Add item(s) to memory. Automatically merges duplicates by key.

memory.add(ResearcherProfile(...))
memory.add([item1, item2, item3])

get(key: Any) → Optional[T]

Retrieve an entity by its unique key.

researcher = memory.get("yann_lecun_001")

build_index(force: bool = False) → None

Build or rebuild the vector index for semantic search.

memory.build_index()  # Build if clean
memory.build_index(force=True)  # Force rebuild

search(query: str, k: int = 5) → List[T]

Semantic search over all entities.

results = memory.search("transformers and attention", k=10)

dump(folder_path: Union[str, Path]) → None

Save memory state (data + index) to disk.
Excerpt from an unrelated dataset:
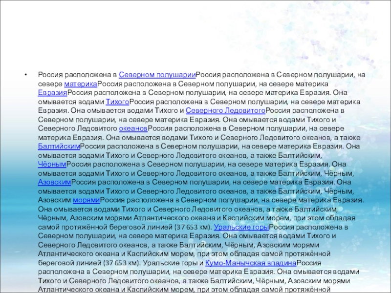 материкаРоссия расположена в Северном полушарии, на севере материка ЕвразияРоссия расположена в Северном полушарии, на севере материка Евразия. Она омывается водами ТихогоРоссия расположена в Северном полушарии, на севере материка Евразия. Она омывается водами Тихого и Северного ЛедовитогоРоссия расположена в Северном полушарии, на севере материка Евразия. Она омывается водами Тихого и Северного Ледовитого океановРоссия расположена в Северном полушарии, на севере материка Евразия. Она омывается водами Тихого и Северного Ледовитого океанов, а также БалтийскимРоссия расположена в Северном полушарии, на севере материка Евразия. Она омывается водами Тихого и Северного Ледовитого океанов, а также Балтийским, ЧёрнымРоссия расположена в Северном полушарии, на севере материка Евразия. Она омывается водами Тихого и Северного Ледовитого океанов, а также Балтийским, Чёрным, АзовскимРоссия расположена в Северном полушарии, на севере материка Евразия. Она омывается водами Тихого и Северного Ледовитого океанов, а также Балтийским, Чёрным, Азовским морямиРоссия расположена в Северном полушарии, на севере материка Евразия. Она омывается водами Тихого и Северного Ледовитого океанов, а также Балтийским, Чёрным, Азовским морями Атлантического океана и Каспийским морем, при этом обладая самой протяжённой береговой линией (37 653 км). Уральские горыРоссия расположена в Северном полушарии, на севере материка Евразия. Она омывается водами Тихого и Северного Ледовитого океанов, а также Балтийским, Чёрным, Азовским морями Атлантического океана и Каспийским морем, при этом обладая самой протяжённой береговой линией (37 653 км). Уральские горы и Кумо-Манычская впадинаРоссия расположена в Северном полушарии, на севере материка Евразия. Она омывается водами Тихого и Северного Ледовитого океанов, а также Балтийским, Чёрным, Азовским морями Атлантического океана и Каспийским морем, при этом обладая самой протяжённой береговой линией (37 653 км). Уральские горы и Кумо-Манычская впадина делят Россию на европейскую и азиатскую части, последняя включает в себя Северный КавказРоссия расположена в Северном полушарии, на севере материка Евразия. Она омывается водами Тихого и Северного Ледовитого океанов, а также Балтийским, Чёрным, Азовским морями Атлантического океана и Каспийским морем, при этом обладая самой протяжённой береговой линией (37 653 км). Уральские горы и Кумо-Манычская впадина делят Россию на европейскую и азиатскую части, последняя включает в себя Северный Кавказ, СибирьРоссия расположена в Северном полушарии, на севере материка Евразия. Она омывается водами Тихого и Северного Ледовитого океанов, а также Балтийским, Чёрным, Азовским морями Атлантического океана и Каспийским морем, при этом обладая самой протяжённой береговой линией (37 653 км). Уральские горы и Кумо-Манычская впадина делят Россию на европейскую и азиатскую части, последняя включает в себя Северный Кавказ, Сибирь и Дальний Восток России.

memory.dump("./my_memory")

load(folder_path: Union[str, Path]) → None

Load memory state from disk.

memory.load("./my_memory")

remove(key: Any) → bool

Remove an entity by key.

success = memory.remove("yann_lecun_001")

clear() → None

Clear all entities and indices.

memory.clear()

Properties

keys: List[Any]

All unique keys in memory.

items: List[T]

All entity instances.

size: int

Number of entities.


🤝 Contributing

We're building the next generation of AI memory standards. PRs and issues welcome!


📝 License

MIT License - See LICENSE file for details.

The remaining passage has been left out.